**Problem description:**
In the answer, give the entries below exactly, from the first line through the line with "海上風電的優勢主要是風速較陸", with every picture omitted.

**Records shown:**
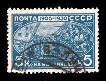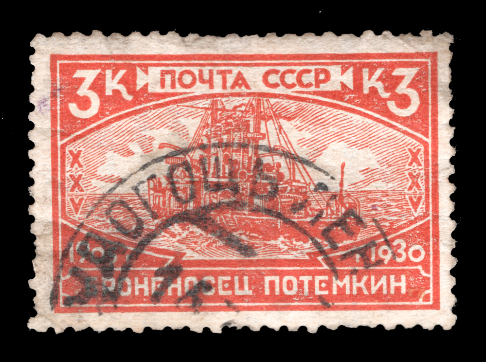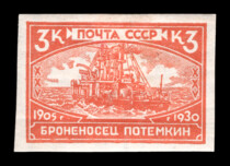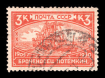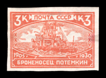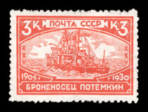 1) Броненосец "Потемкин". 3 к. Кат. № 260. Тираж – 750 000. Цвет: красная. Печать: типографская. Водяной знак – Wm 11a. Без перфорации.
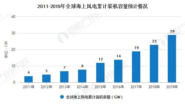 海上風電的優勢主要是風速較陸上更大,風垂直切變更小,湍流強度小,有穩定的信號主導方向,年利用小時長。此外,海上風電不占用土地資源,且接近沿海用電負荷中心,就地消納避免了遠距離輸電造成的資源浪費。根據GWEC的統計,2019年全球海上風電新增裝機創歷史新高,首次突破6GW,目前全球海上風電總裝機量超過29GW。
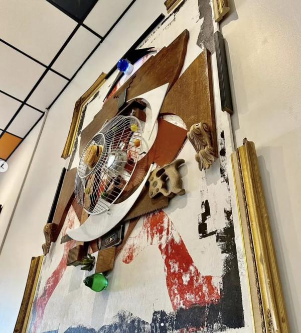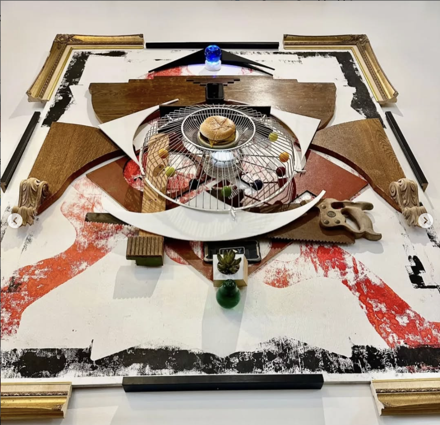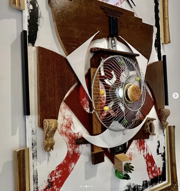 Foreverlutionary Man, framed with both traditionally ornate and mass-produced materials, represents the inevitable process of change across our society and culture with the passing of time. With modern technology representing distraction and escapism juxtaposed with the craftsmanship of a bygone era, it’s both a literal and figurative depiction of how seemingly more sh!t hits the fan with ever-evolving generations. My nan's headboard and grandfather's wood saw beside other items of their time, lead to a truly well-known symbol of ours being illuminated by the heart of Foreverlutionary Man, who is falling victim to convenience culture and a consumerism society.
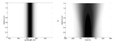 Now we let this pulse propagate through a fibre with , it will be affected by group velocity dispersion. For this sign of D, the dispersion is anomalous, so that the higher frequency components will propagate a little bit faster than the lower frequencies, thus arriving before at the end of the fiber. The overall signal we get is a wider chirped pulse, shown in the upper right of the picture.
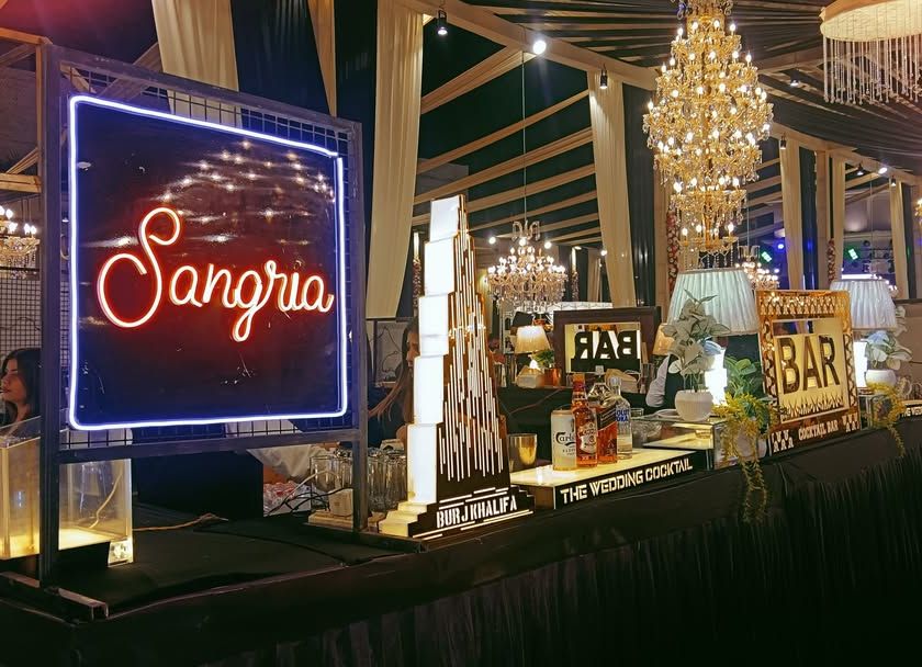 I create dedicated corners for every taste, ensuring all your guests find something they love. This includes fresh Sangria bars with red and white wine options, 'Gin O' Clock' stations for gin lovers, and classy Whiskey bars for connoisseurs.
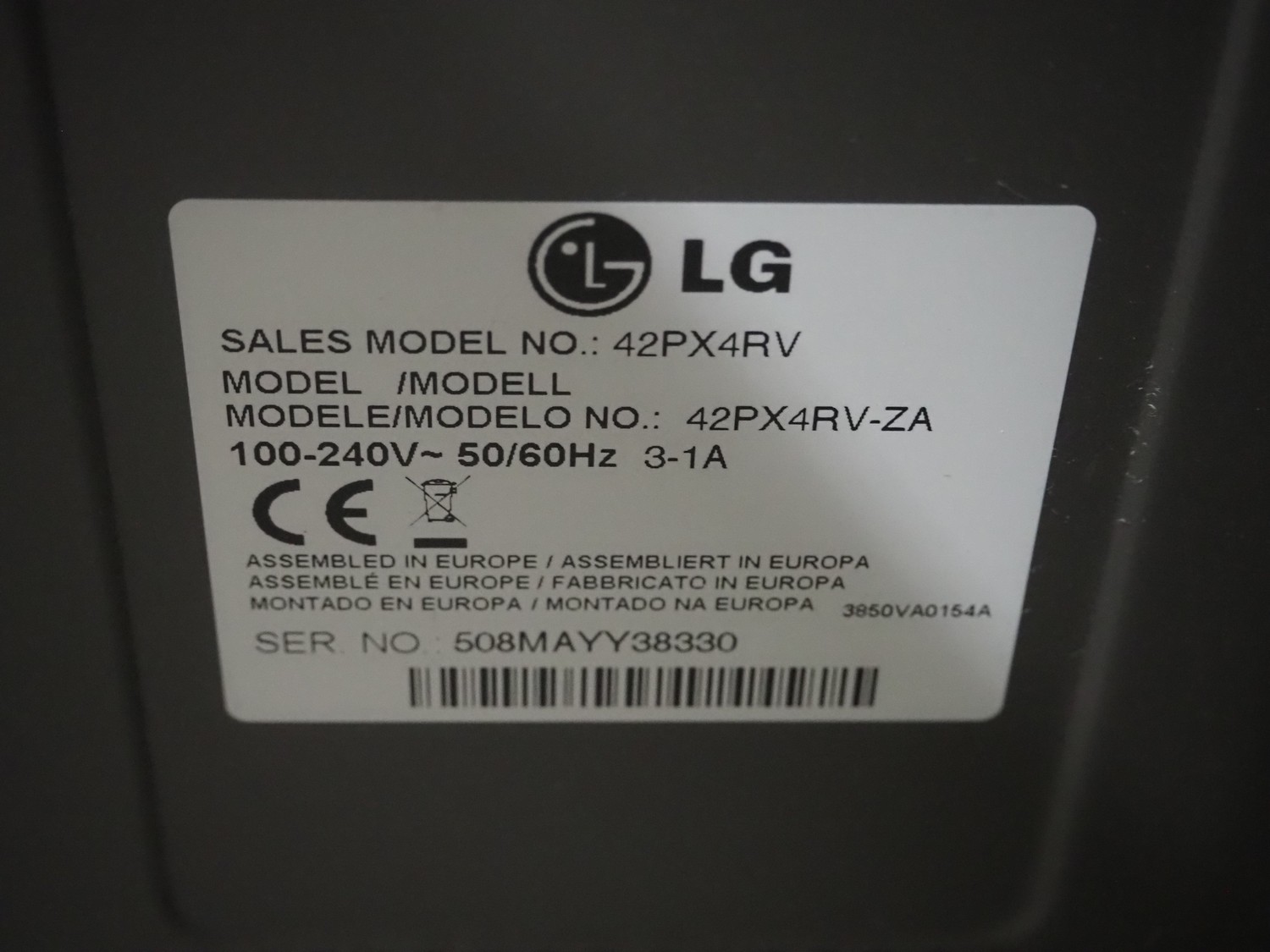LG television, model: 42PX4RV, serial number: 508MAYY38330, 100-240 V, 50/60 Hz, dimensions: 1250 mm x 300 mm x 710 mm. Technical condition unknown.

**Result below:**
 1) Броненосец "Потемкин". 3 к. Кат. № 260. Тираж – 750 000. Цвет: красная. Печать: типографская. Водяной знак – Wm 11a. Без перфорации.
 海上風電的優勢主要是風速較陸上更大,風垂直切變更小,湍流強度小,有穩定的信號主導方向,年利用小時長。此外,海上風電不占用土地資源,且接近沿海用電負荷中心,就地消納避免了遠距離輸電造成的資源浪費。根據GWEC的統計,2019年全球海上風電新增裝機創歷史新高,首次突破6GW,目前全球海上風電總裝機量超過29GW。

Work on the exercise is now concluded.